*** Begin section ***
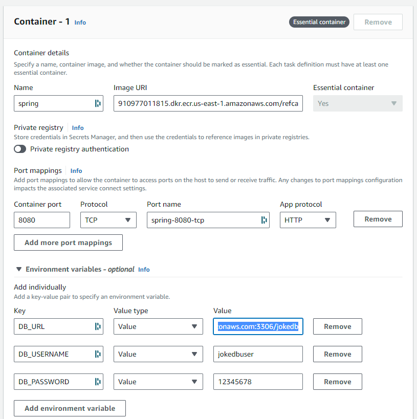 Nun erstellen wir eine Taskdefinition mit der Image-URL des Repositories (am Ende sollte :latest stehen). Der Port ist vom Image abhängig und die Environment-Variablen werden nur mit der RDS-Datenbank benötigt.
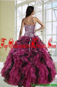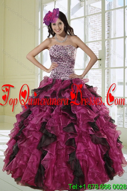 2015 Modest Ball Gown Dress for Quinceanera with Leopard Print
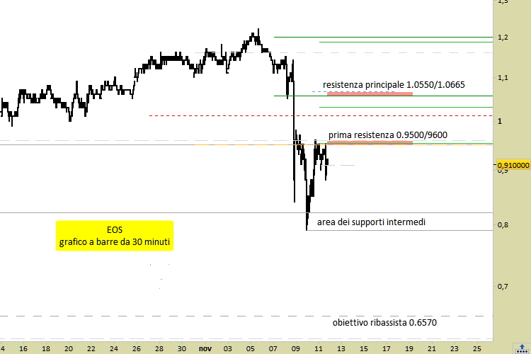 A quota 0.8200 e quota 0.7900 sono posti adesso i supporti di breve periodo. Le probabilità pendono verso la formazione di una fase distributiva fra i supporti e le resistenze, mediante ripetuti cambi di tendenza preparatori alla rottura ribassista. Le proiezioni fissano un target di tendenza 0.6570. il segnale tecnico è short su nuovi test delle resistenze, in ogni caso da rilevazioni non inferiori a 0.9095. Lo scenario descritto verrebbe immediatamente archiviato solo nell’eventualità di rottura della resistenza principale, mediante una chiusura su grafico a 30 minuti superiore a 1.0665. Quando sono le 19.43 CET di venerdì 11 novembre, EOS viene passato di mano sui migliori exchanges mondiali a 0.9100 dollari, in calo del -3.19% su base giornaliera.
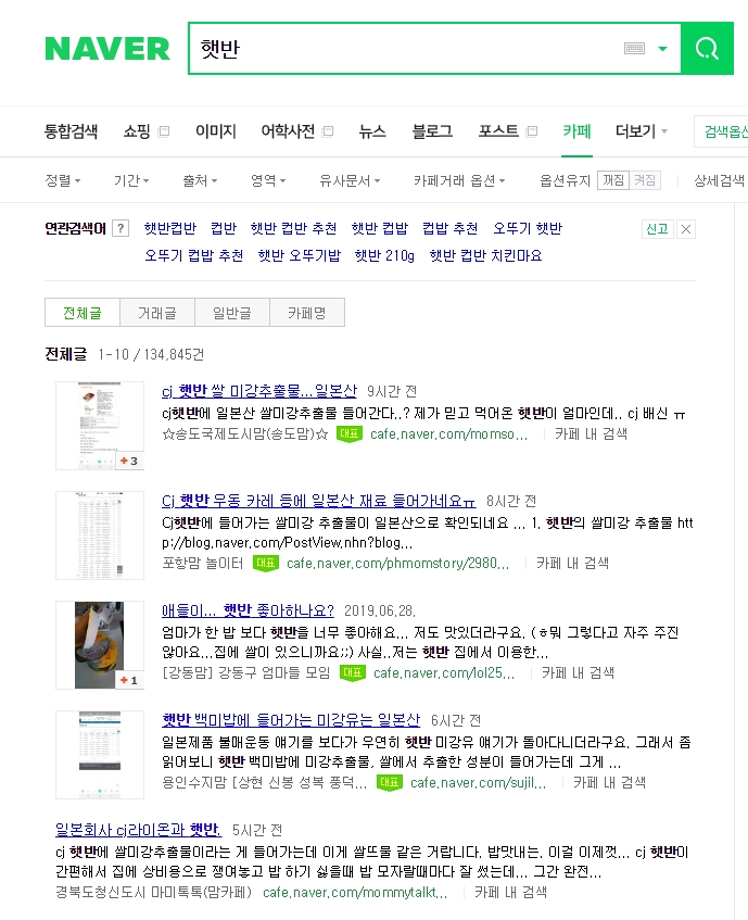 네이버에 햇반 검색하고 카페 누르니까 이렇게 뜨네요 소식이 빠르게 퍼지고 있는 거 같네요
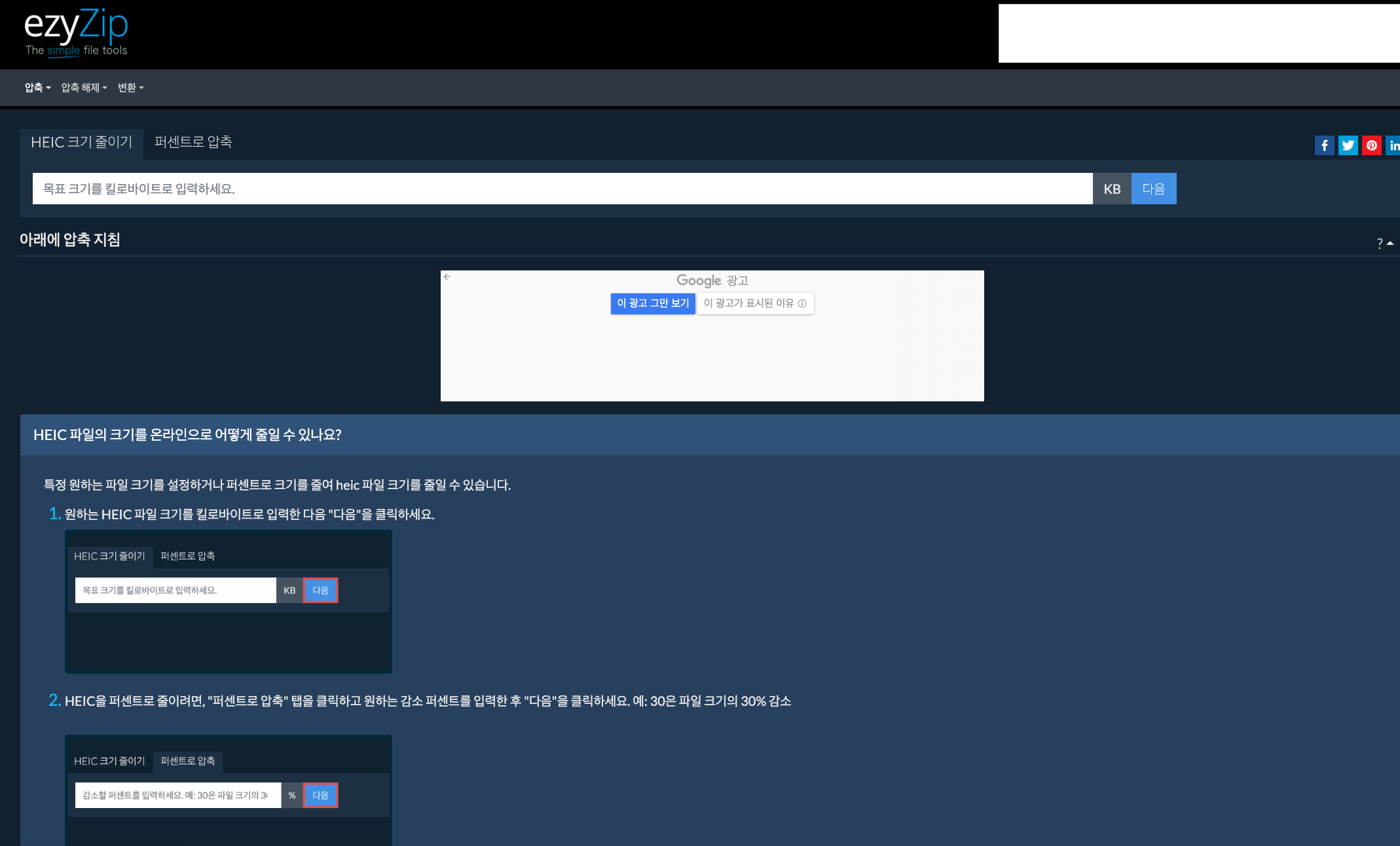 두 번째로 소개해 드리는 방법은 “ezyzip”홈페이지의 용량 줄이는 기능을 이용하시는 방법입니다.
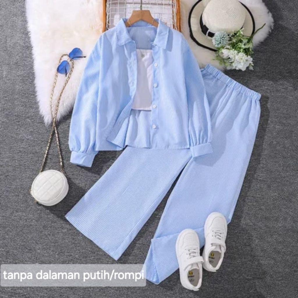 Setelan Anak Perempuan 1-12 Tahun Motif Salur Baju One Set Anak Cewek Bahan Cotton Premium Kemeja Model Korean Style Ter
*** End section ***
• PROBLEM REQUIREMENTS: What you need to copy is the run of lines from the one holding "A quota 0.8200" through the end of the data, exactly and only, both ends included, pictures omitted.

• WRITTEN RESPONSE:
 A quota 0.8200 e quota 0.7900 sono posti adesso i supporti di breve periodo. Le probabilità pendono verso la formazione di una fase distributiva fra i supporti e le resistenze, mediante ripetuti cambi di tendenza preparatori alla rottura ribassista. Le proiezioni fissano un target di tendenza 0.6570. il segnale tecnico è short su nuovi test delle resistenze, in ogni caso da rilevazioni non inferiori a 0.9095. Lo scenario descritto verrebbe immediatamente archiviato solo nell’eventualità di rottura della resistenza principale, mediante una chiusura su grafico a 30 minuti superiore a 1.0665. Quando sono le 19.43 CET di venerdì 11 novembre, EOS viene passato di mano sui migliori exchanges mondiali a 0.9100 dollari, in calo del -3.19% su base giornaliera.
 네이버에 햇반 검색하고 카페 누르니까 이렇게 뜨네요 소식이 빠르게 퍼지고 있는 거 같네요
 두 번째로 소개해 드리는 방법은 “ezyzip”홈페이지의 용량 줄이는 기능을 이용하시는 방법입니다.
 Setelan Anak Perempuan 1-12 Tahun Motif Salur Baju One Set Anak Cewek Bahan Cotton Premium Kemeja Model Korean Style Ter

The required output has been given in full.